Artykuły

Rewolucyjny upadek mediów
rondel 02.08.2009 23:41 5315 czytelników 0 komentarzy
2

Football Manager należy do dość specyficznego gatunku gier komputerowych. Produkcje sportowe charakteryzuje bowiem bardzo mała ilość czasu pomiędzy premierami kolejnych części. Oczywiście niełatwo jest co roku przygotowywać coś, co zachwyci graczy, często więc kończy się to tak, że mają oni do twórców pretensje o brak rozwijania tytułu. Za przykład takiego stanu rzeczy można przytoczyć chociażby serię FIFA, która przez pewien, dość długi okres stała niejako w miejscu i jej kolejne odsłony delikatnie mówiąc nie zachwycały ogromem nowych opcji. FM jednak wychodzi nieco poza wyznaczone ramy, ponieważ trudno wskazać funkcje, które na przełomie 5 ostatnich wersji nie przeszły wielkiej odmiany. Można by tu teoretycznie wskazać tryb 2D, który bez większych zmian trwa od CM4, ale tak naprawdę w nim samym niewiele można zrewolucjonizować, a teraz został on i tak niejako wyparty przez widok trójwymiarowy. System treningowy oraz sam interfejs graficzny gry, które pięć wersji temu debiutowały w swojej nowej formie, także nie mogą zostać zaliczone do tej grupy, gdyż w międzyczasie przeszły one niemałe zmiany, a obecny stan tych funkcji zupełnie nie przypomina tego sprzed kilku lat. Część opcji z tamtego okresu nie dostało nawet możliwości przeżycia swojej metamorfozy i w najzwyklejszy sposób wyginęły - mowa tu chociażby o nagraniach przysyłanych przez agentów piłkarzy. Tak więc z tych głównych funkcji niezmienione w sposób diametralny ostały się tylko trzy: asystent, który przy każdej wersji dostawał coraz większe uprawnienia, taktyka, która także była zmieniana tylko pod kątem dodawania nowych możliwości oraz rzecz, której został poświęcony mój dzisiejszy tekst, a mianowicie media.
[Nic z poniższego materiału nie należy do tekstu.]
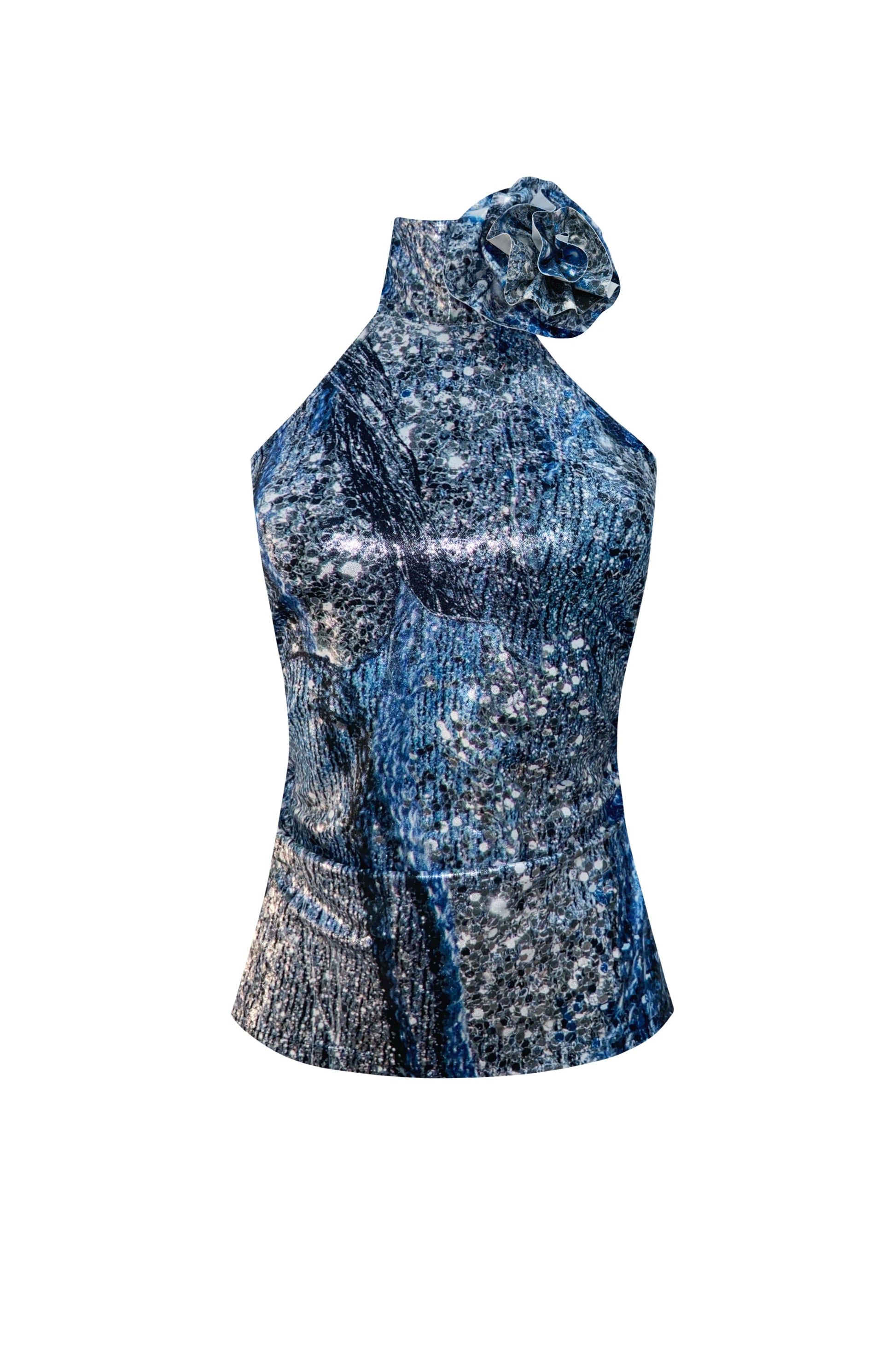 Turn heads in our iconic Rose Halter Top - a true statement piece designed to captivate. The showstopping centerpiece is an oversized rose detail that elegantly adorns the collar.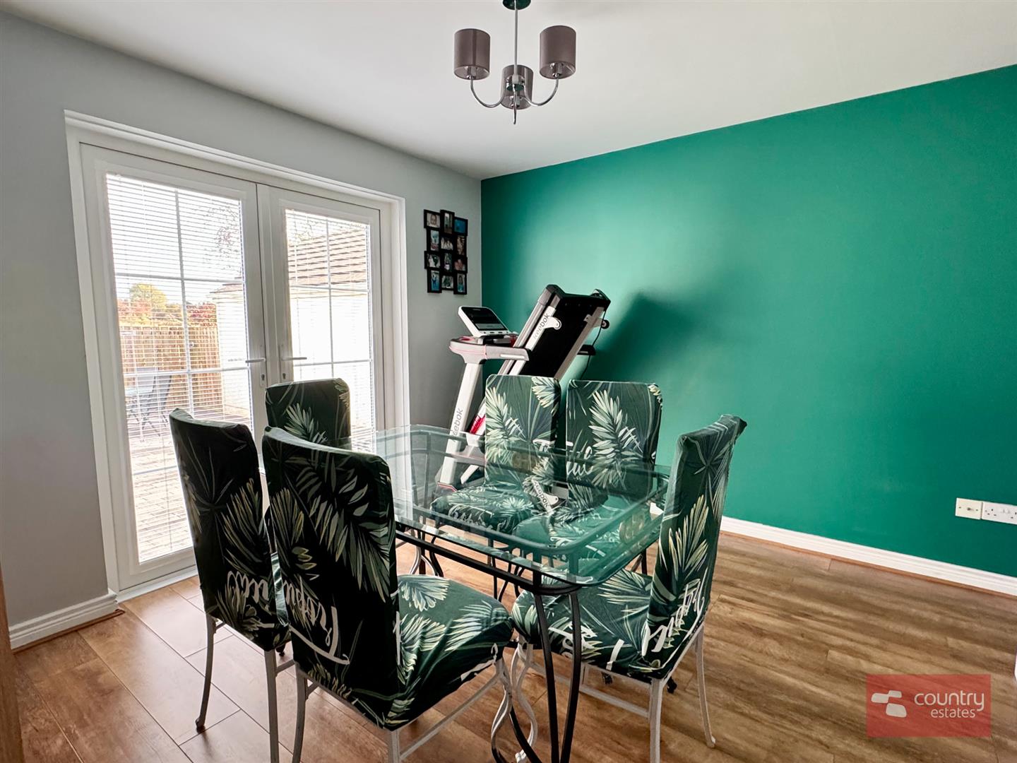 Quality walnut effect laminate plank flooring. Twin PVC double glazed French doors to rear garden.

Media publiczne i prywatne pod wszelkimi postaciami odgrywają bardzo ważną rolę w codziennym życiu publicznym w każdym państwie na świecie. Także i w środowisku piłkarskim są one nieodzownym elementem normalnego funkcjonowania. To dzięki nim mamy możliwość śledzenia spotkań naszych ulubionych klubów, dzięki nim jesteśmy w stanie zdobyć informacje na każdy związany z futbolem temat, czy w końcu to one stoją na czele wszelkich spekulacji transferowych i tym podobnych spraw, które ukazują piłkarską codzienność. Nawet z tego krótkiego przedstawienia różnych rodzajów oddziaływania mediów widać, jak wielka jest ich rola w świecie sportu, trudno byłoby sobie więc wyobrazić brak odwzorowania tej roli w Football Managerze. Niemniej jednak jest to zadanie bardzo trudne, ponieważ nie sposób w pełni przenieść atmosferę, jaką one wywołują, do - jakby nie było - programu komputerowego. Mimo tych wszystkich przeciwności losu twórcy rok po roku starają się wciągnąć nas jeszcze bardziej w świat informacyjny, rozbudowując swoje dzieło o kolejne możliwości. W tym właśnie momencie należy się zatrzymać i zastanowić, co w przeciągu pięciu długich lat stało się z grą biorąc pod uwagę ten element. Nie będę owijał w bawełnę i już na wstępie powiem wprost, że według mnie z czasem Football Manager stracił pod tym względem swoją magię i dziś wszelkie wypowiedzi do prasy stały się dla mnie utrapieniem. Żeby w pełni zrozumieć moją drastyczną ocenę, trzeba przyjrzeć się całemu procesowi ewolucji mediów w FM-ie na przestrzeni wszystkich jego wersji.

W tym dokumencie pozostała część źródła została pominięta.